Why You Should Consider a Trust
Trusts are often viewed as estate planning tools used to reduce estate taxes. With the changing estate tax situation, does that mean that trusts are no longer needed for estate planning purposes? The answer is probably no, for a couple of reasons. First, estate taxes are only scheduled to be repealed in 2010. They will be reinstated in 2011 based on 2001 tax laws. Second, trusts are established for many purposes, not just to reduce estate taxes. Below is a brief description of six of the more commonly used trusts:
Revocable Living Trust -- This trust is established for reasons other than the reduction of estate taxes. With a revocable living trust, ownership of assets is transferred to the trust while you are alive. You can keep any or all of the income, act as trustee, change the trust's provisions, or terminate the trust. A successor trustee can be named to take over if you become mentally or physically disabled. Assets in the trust are controlled by the trust agreement and are not subject to probate proceedings, which are considered one of its major advantages.
Bypass or Credit Shelter Trust -- Generally, this trust is used to ensure both spouses take advantage of the estate tax exclusion amount, without directly transferring assets to other beneficiaries until both spouses have died. Assets equal to the estate tax exclusion amount are placed in trust after your death. Your spouse may then use the income, and in certain circumstances, some of the trust's principal, with the remaining assets transferred to your other beneficiaries after your spouse's death. Make sure to review the amounts that will be placed in the trust. With the exclusion amount currently at $2,000,000 and scheduled to increase to $3,500,000 in 2009, these amounts may exceed the amount you want in the credit shelter trust.
Qualified Terminable Interest Property (QTIP) Trust -- This trust is typically used when the spouse wants to control the use of any remaining assets that are not placed in the bypass or credit shelter trust. Assets that are not placed in the credit shelter trust are placed in the QTIP trust. Income from the trust is distributed to the surviving spouse during his/her lifetime. This qualifies for the unlimited marital deduction, so estate taxes will not be paid after the first spouse's death. After the surviving spouse's death, the principal is distributed to beneficiaries designated by the first spouse. This trust is often used to protect children from a previous marriage or to ensure that if a surviving spouse remarries, his/her new spouse does not inherit any of the assets.
Irrevocable Life Insurance Trust (ILIT) -- This trust is used to ensure that the proceeds from a life insurance policy are not subject to estate taxes. Often, the insurance policy is obtained to help pay estate taxes, with the policy held by the irrevocable trust. Annually, you can make gifts to the trust so the trustee can pay the policy premium. After your death, the trust receives the insurance proceeds, distributing them in accordance with the trust's terms. With the uncertain future of estate taxes, you may wonder whether ILITs are still a valid estate planning strategy. You probably don't want to undo any ILITs in place, since the estate tax won't be fully repealed until 2010 and then will be reinstated in 2011. Even if the proceeds aren't needed for estate tax purposes, you may find other uses for the proceeds, such as leaving larger bequests to beneficiaries or charitable organizations. Deciding whether to set up a new ILIT is a tougher decision. You should first analyze all relevant factors, including your views about the future of the estate tax.

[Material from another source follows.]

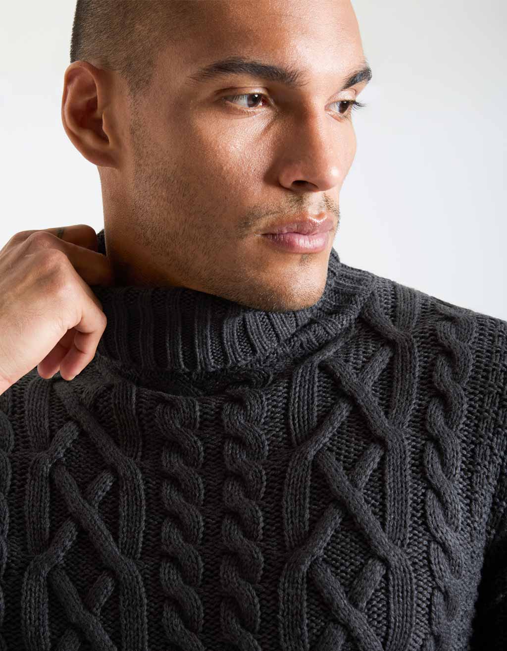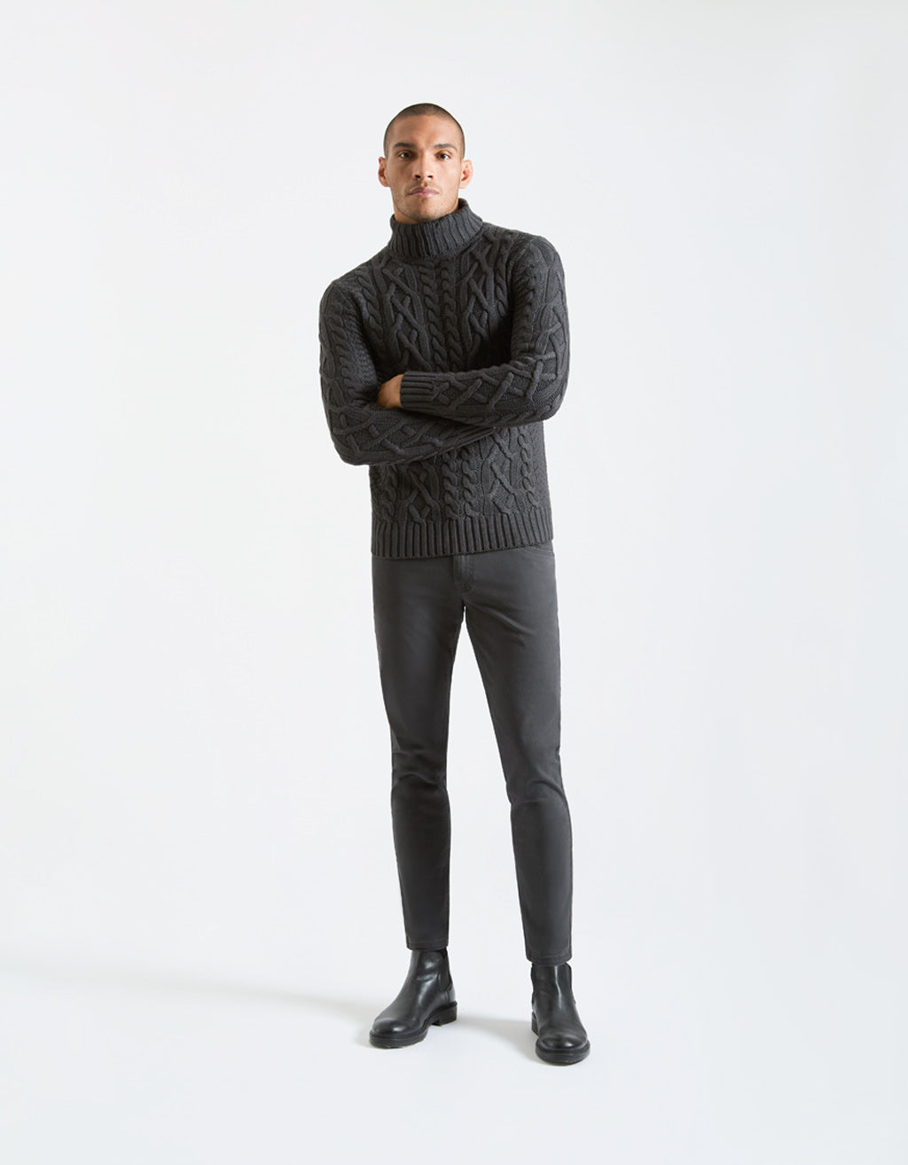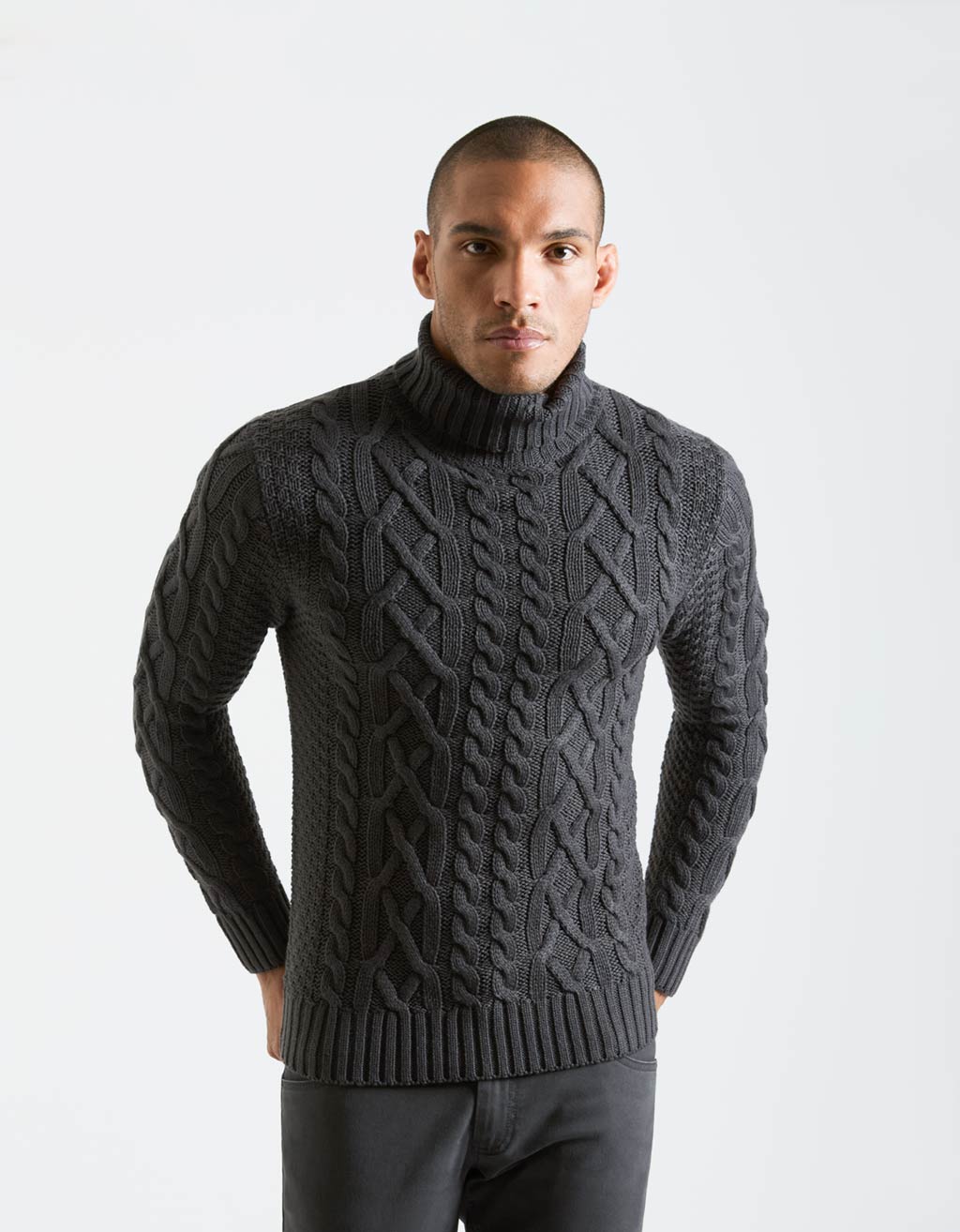 MODEL HEIGHT 185cm - SIZE L Turtleneck sweater with woven weave. Solid color and long sleeve.

Charitable Remainder Trust -- Typically, this trust is used to provide a large charitable contribution while avoiding a large capital gains tax bill. You transfer an asset to the trust, typically one with a low basis that has appreciated significantly. Since the trust is a tax-exempt organization, it can then sell the asset without paying any capital gains taxes and reinvest the proceeds. You receive an immediate charitable contribution deduction equal to the present value of the property the charity will receive when the trust is terminated. You also receive the income from the trust, with the principal going to the charity after the trust terminates.

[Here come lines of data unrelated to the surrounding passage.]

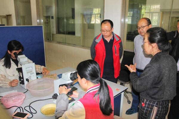 考察蠶種質(zhì)量檢驗(yàn)檢疫站實(shí)驗(yàn)室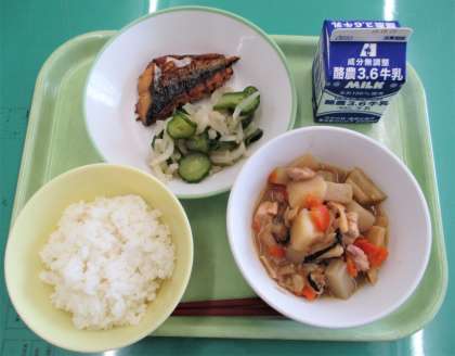 今日のメニューは、ごはん、さばの塩焼き、酢の物、筑前だき、牛乳 でした。脂ののった「さば」でした。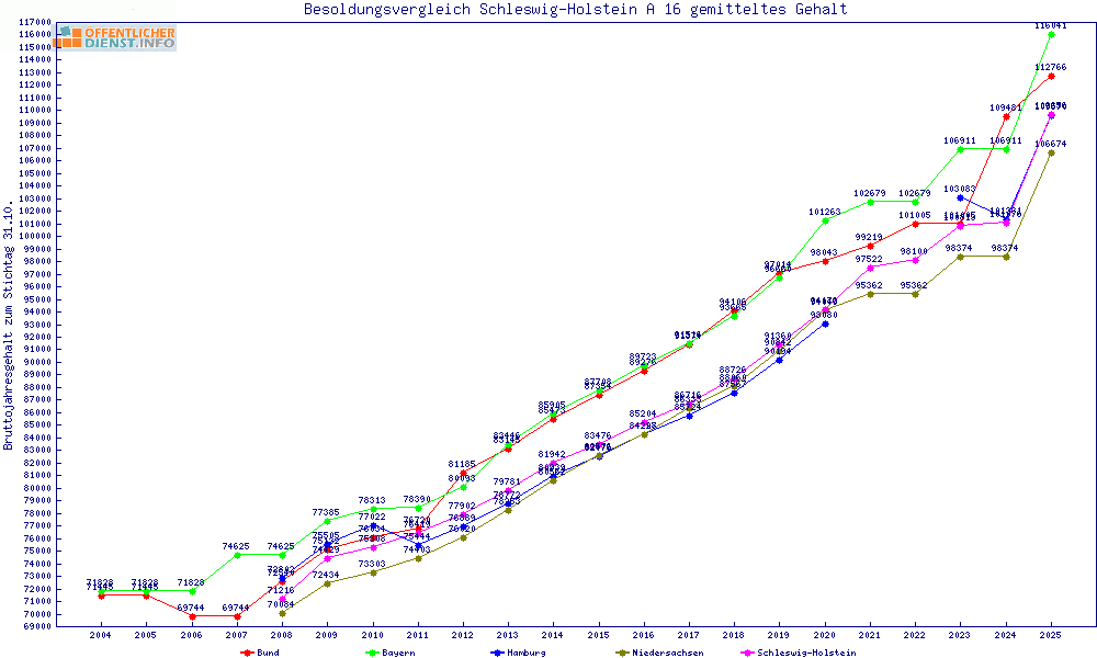 | Besoldungsvergleich A 16 im Jahr 2025 | gemitteltes Gehalt | ||||||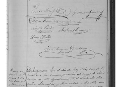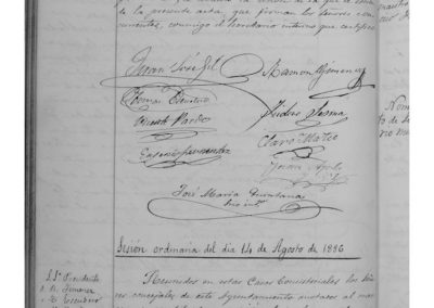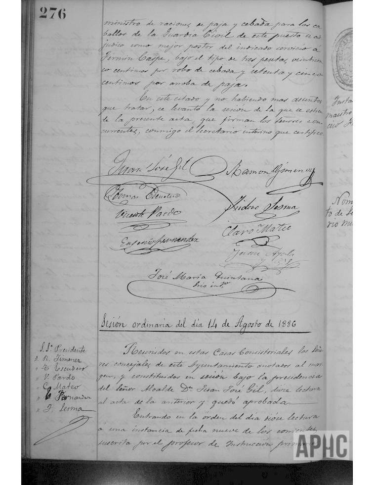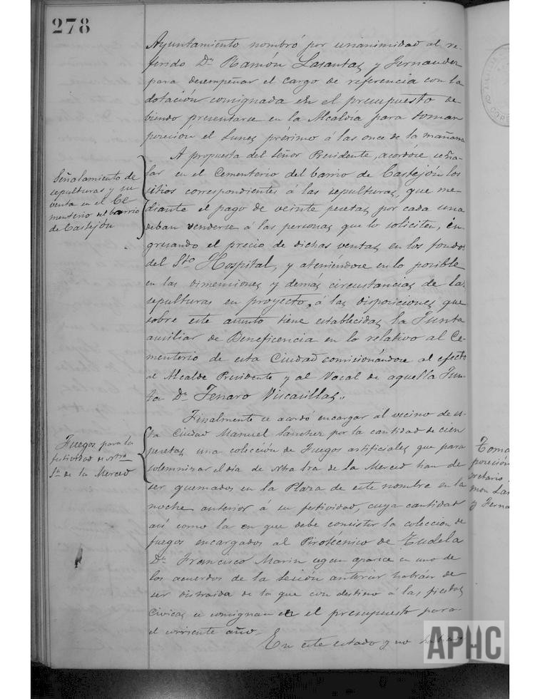 El maestro Narciso Felipe, solicita solicitud para ausentarse provisionalmente, y se le autoriza, delegando las funciones en el maestro Félix Rodríguez Palacio. Vistas las instancias presentadas para el cargo de Secretario de este Ayuntamiento, se acordó el nombramiento de Secretario para la Corporación de Ramón Lasantas Fernández, vecino de esta Ciudad. Se autoriza la venta de terrenos para sepulturas en el cementerio de Castejón. Se encargan al vecino Manuel Sánchez, los fuegos artificiales para solemnizar el día de Ntra. Sra. de la Merced, siendo quemados en la víspera de dicha festividad, en dicha Plaza. A continuación de esta acta, hay una Diligencia para hacer constar que el día 16 de agosto de 1886, toma posesión de su cargo de Secretario del Ayuntamiento, Ramón Lasantas.

Qualified Personal Residence Trust -- With this trust, you place your home or vacation home in an irrevocable trust, retaining the right to live in the home for a specified number of years. When the trust terminates, ownership passes to your beneficiaries. The gift tax value is determined on the date the house is placed in trust by calculating the present value discounted over the trust's term. If you die before the trust ends, the home is included in your estate at its fair market value. Since present value calculations are used to determine the gift's value, this trust allows you to leverage the use of your $1,000,000 lifetime gift tax exclusion.